I Freaked Out Aboot Canada

I was a stubborn, indignant, pouty, bee-yotch about crossing the border into Canada on Sunday. I wanted to just take a week or so and slow down, not have to worry about going into a different country with our entire house so soon into our RV journey where we don’t even have our plan solidified of what we really want to accomplish in each location and get out of this full-time travel experience because we’re too busy traveling and planning for the RV tasks to work on any other passion projects.

I had meltdowns because I was overwhelmed by all these “requirements” that aren’t actually required at all, I was just placing undue pressure on myself because I have a fear of the unknown and when there appears to be too many unknown factors I hold myself back or resist change. Which is exactly why I’m lucky to have Reid in my life: to encourage me to do the things that I may have FOMO about not having gotten to experience later.

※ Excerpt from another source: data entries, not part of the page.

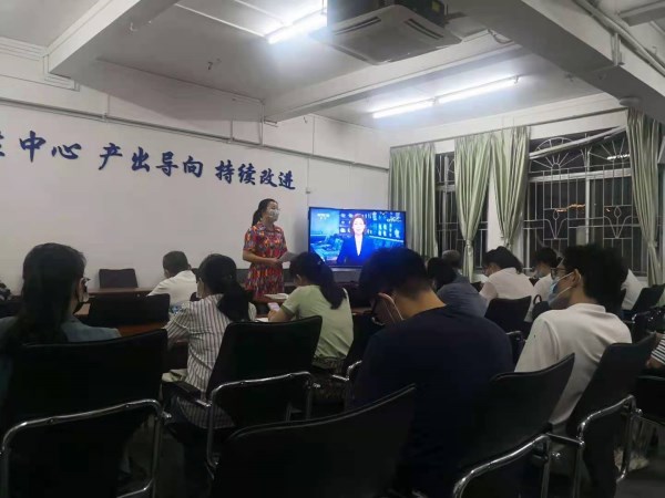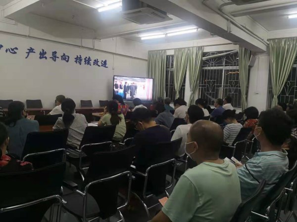 会上,全体教职工集体观看习近平总书记在中国人民大学考察时的新闻报道以及相关的学习资料。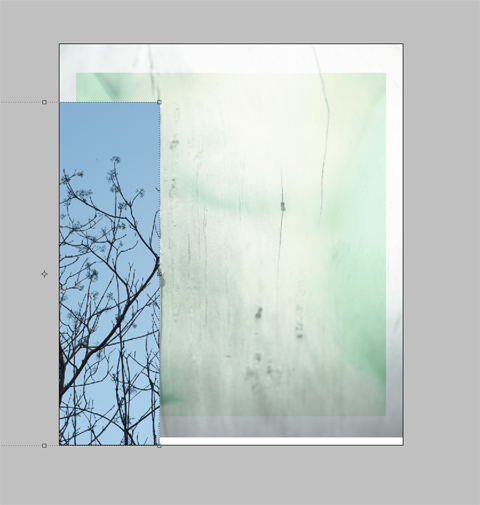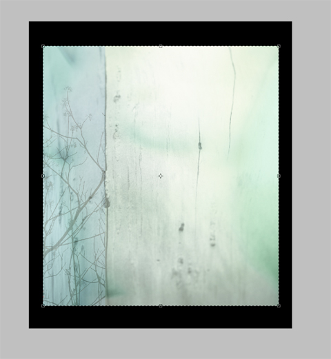 7. With all of the elements in place, I cropped the excess from the edges, and did some very slight (eraser tool at about 9%) blending at the top and down the “seam”.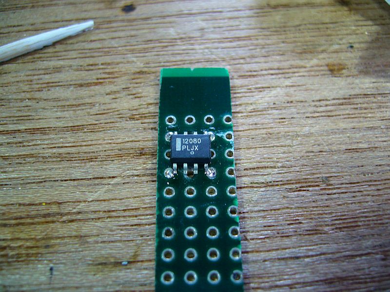 IC保持台として、「MC12080」のピン間隔に合うような(手持ちの)プリント基板が無かったので、"汎用基板"を少し細工して使った。(図3)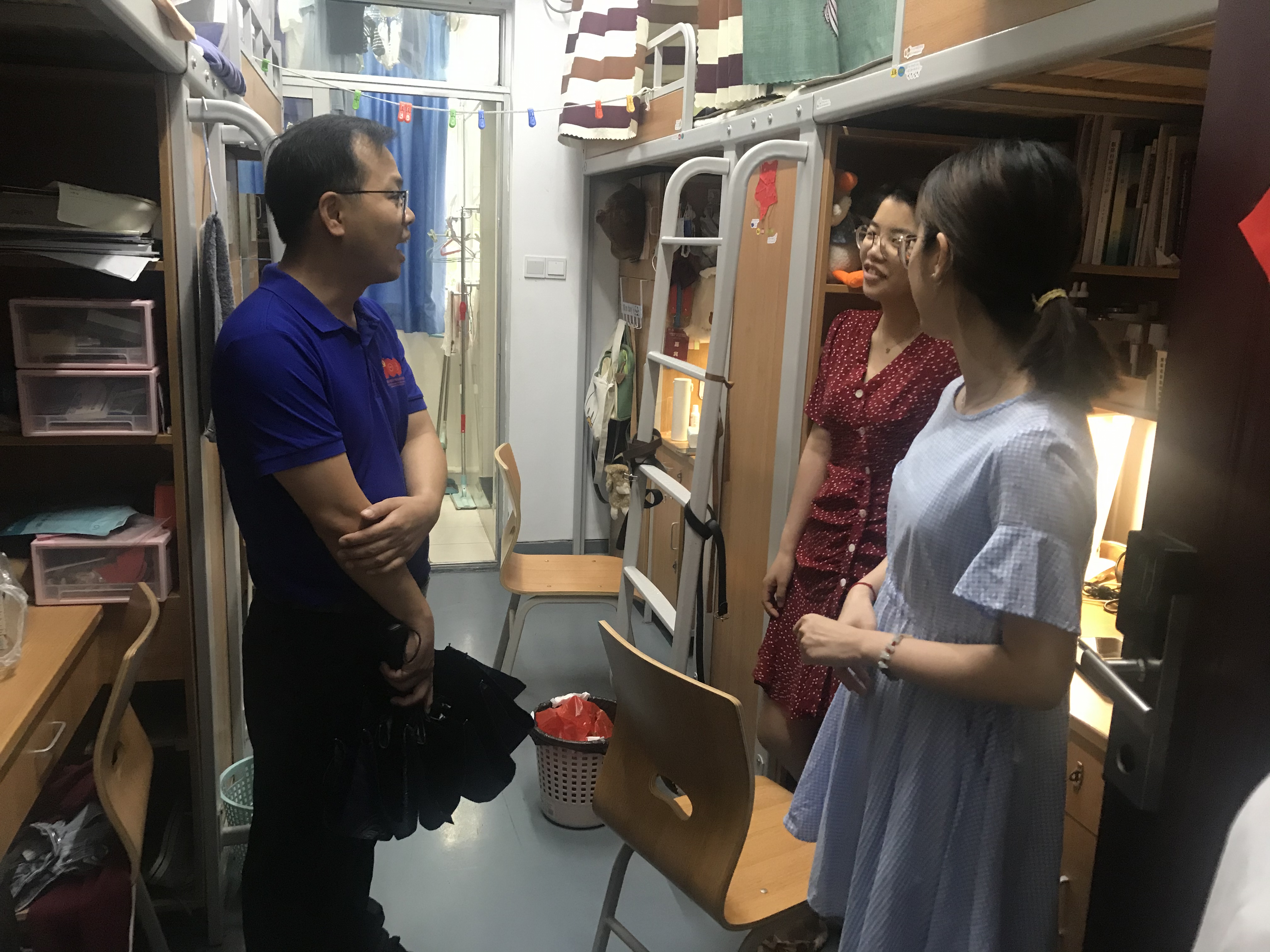 随后,学院班子领导带队走访校外立业园、校内寝室的留校学生,亲切问候并提醒做好相关抗台防涝和疫情防控的预防保障工作。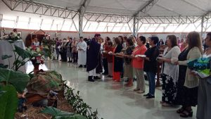 Durante la celebración eucarística, el Obispo Auxiliar bendijo las figuras del Niño Jesús, que serán puestas en los pesebres de los hogares de los fieles de la comunidad al finalizar la novena.
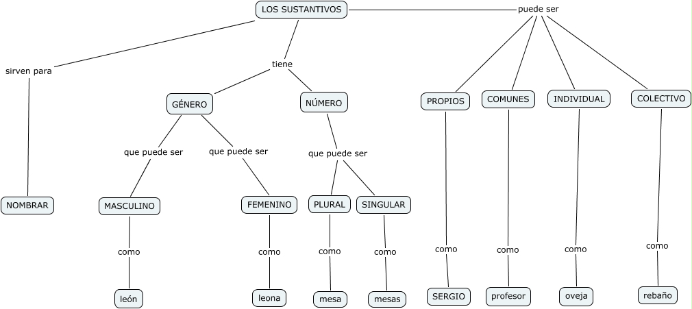 Este Cmap, tiene información relacionada con: LOS SUSTANTIVOS (Álvaro), FEMENINO como leona, GÉNERO que puede ser MASCULINO, LOS SUSTANTIVOS puede ser INDIVIDUAL, LOS SUSTANTIVOS tiene NÚMERO, LOS SUSTANTIVOS tiene GÉNERO, GÉNERO que puede ser FEMENINO, LOS SUSTANTIVOS puede ser PROPIOS, LOS SUSTANTIVOS puede ser COLECTIVO, NÚMERO que puede ser SINGULAR, LOS SUSTANTIVOS puede ser COMUNES, INDIVIDUAL como oveja, PLURAL como mesa, NÚMERO que puede ser PLURAL, COMUNES como profesor, PROPIOS como SERGIO, COLECTIVO como rebaño, SINGULAR como mesas, MASCULINO como león, LOS SUSTANTIVOS sirven para NOMBRAR

In the campground late at night in the dark, I couldn’t get myself to stop crying, and even in the moment I was feeling like, “I don’t like who I’m being right now, why can’t I stop crying? It must be because I’m not meant for RV life!” But then I really started analyzing the next morning, and I realized: who is that self-doubt-y thought helping? No one!

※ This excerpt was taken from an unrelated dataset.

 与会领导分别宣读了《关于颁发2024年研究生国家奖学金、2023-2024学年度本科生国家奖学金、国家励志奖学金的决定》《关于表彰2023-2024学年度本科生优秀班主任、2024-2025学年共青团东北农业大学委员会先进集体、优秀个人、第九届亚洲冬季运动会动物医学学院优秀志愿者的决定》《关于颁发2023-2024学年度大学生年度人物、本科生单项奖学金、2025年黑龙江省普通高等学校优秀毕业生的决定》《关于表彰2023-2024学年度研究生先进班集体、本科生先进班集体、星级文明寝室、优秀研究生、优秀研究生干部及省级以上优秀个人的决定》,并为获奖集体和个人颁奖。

So, I made a resolution that morning to be more positive and try to have a mind of gratitude and openness to experience, and be in control of my own happiness regardless of the circumstances surrounding me. And then, a week later, after Reid had already delayed our timeline of going into Canada a week for my peace of mind, I still had another melt down stressing over crossing into Canada and thinking about everything that could go wrong and how I still felt like we were moving faster than we can keep up with.

Only this Sunday, I channelled all my anxiety about Canada into focusing on just sitting there being pissed off at Reid for making us go into Canada. Which, wasn’t the best use of an emotional toolbelt, but I was also PMSing, so that’s what I decided to do and I stuck with it. 

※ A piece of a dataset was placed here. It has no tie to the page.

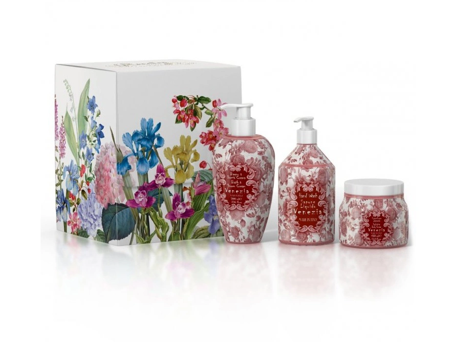 Krásná dárková sada v nádherné krabičce a se skvělým designem a produkty s vůní VENEZIA. Sada obsahuje sprchový gel/pěnu do koupele 700 ml, luxusní jemné tekuté mýdlo na ruce 500 ml a hydratační tělový krém 450 ml.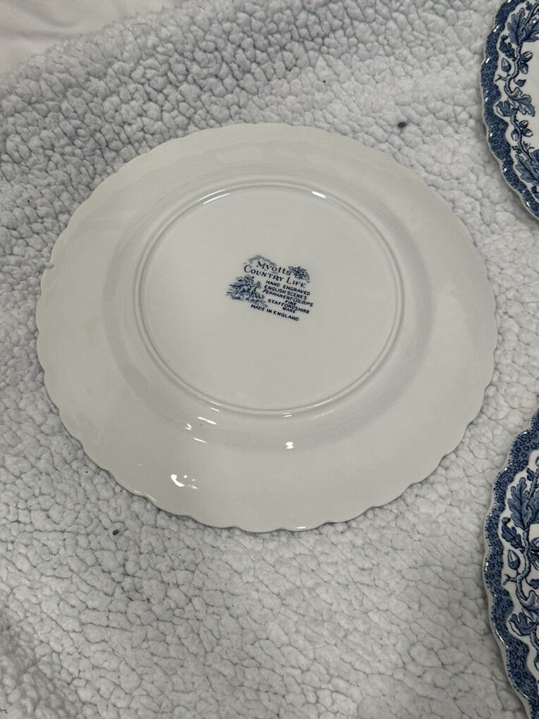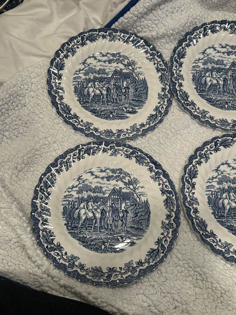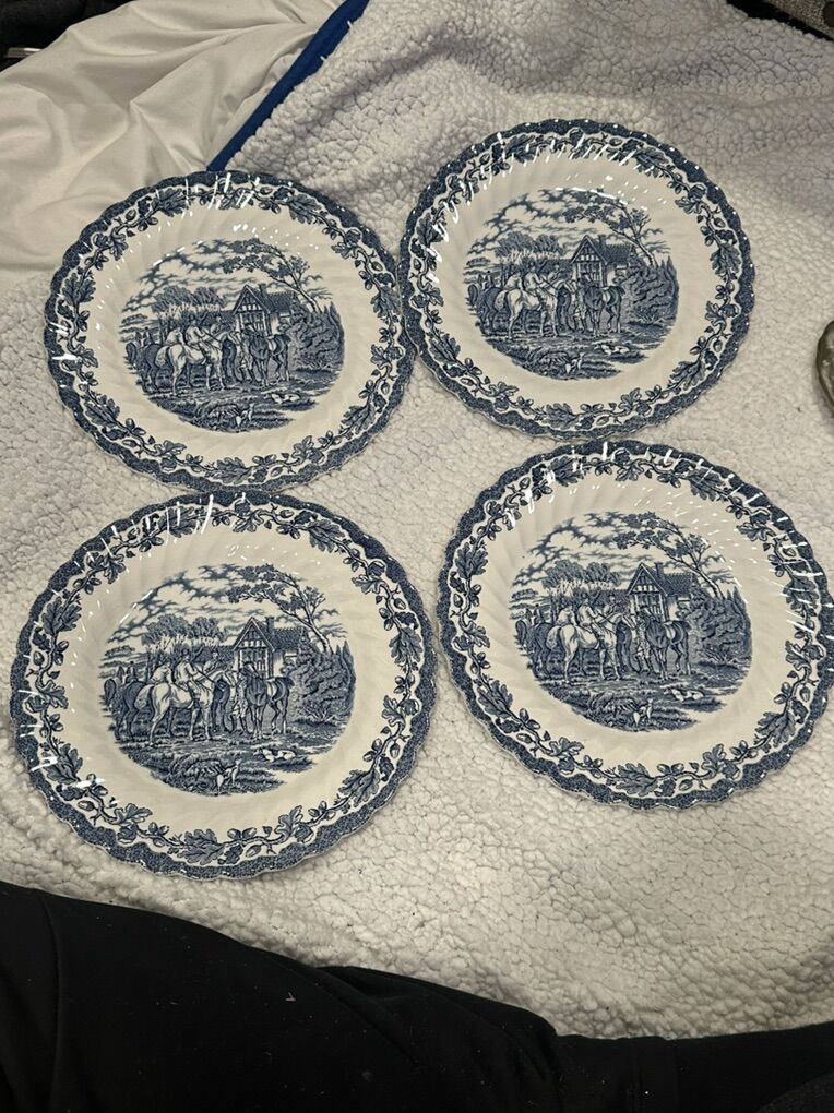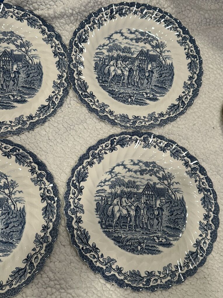 VenmoMyott's Country Life Staffordshire Ware plate with a blue transferware hunting scene\

After we made it through border patrol with no incidents and we had an amazing first day with our neighbors to the north, now I’m trying to take Sunday’s experience as proof that I can channel anxious and unproductive thoughts into something more manageable instead of sitting there crying. I just asked Reid what he needed help with and did it and let my brain focus on doing things while acting as bitchy as I pleased, instead of overthinking and not acting on what needs to be accomplished at all.

Now, hopefully I can look at RVing and all its challenges as prep for all the challenges I’ll face in motherhood. RV life will be my training ground and (metaphorical) Tough Mudder course (because I don’t run) for self-development and give me tools to make progress toward personal goals.

I’ll just focus on enjoying the ride and letting more things roll right off my back, because I know many people would love to be doing what we’re getting to do right now, and if I can learn to respond to stress better in a living situation like this then hopefully that stress response will carry over and serve me better in all areas of life too.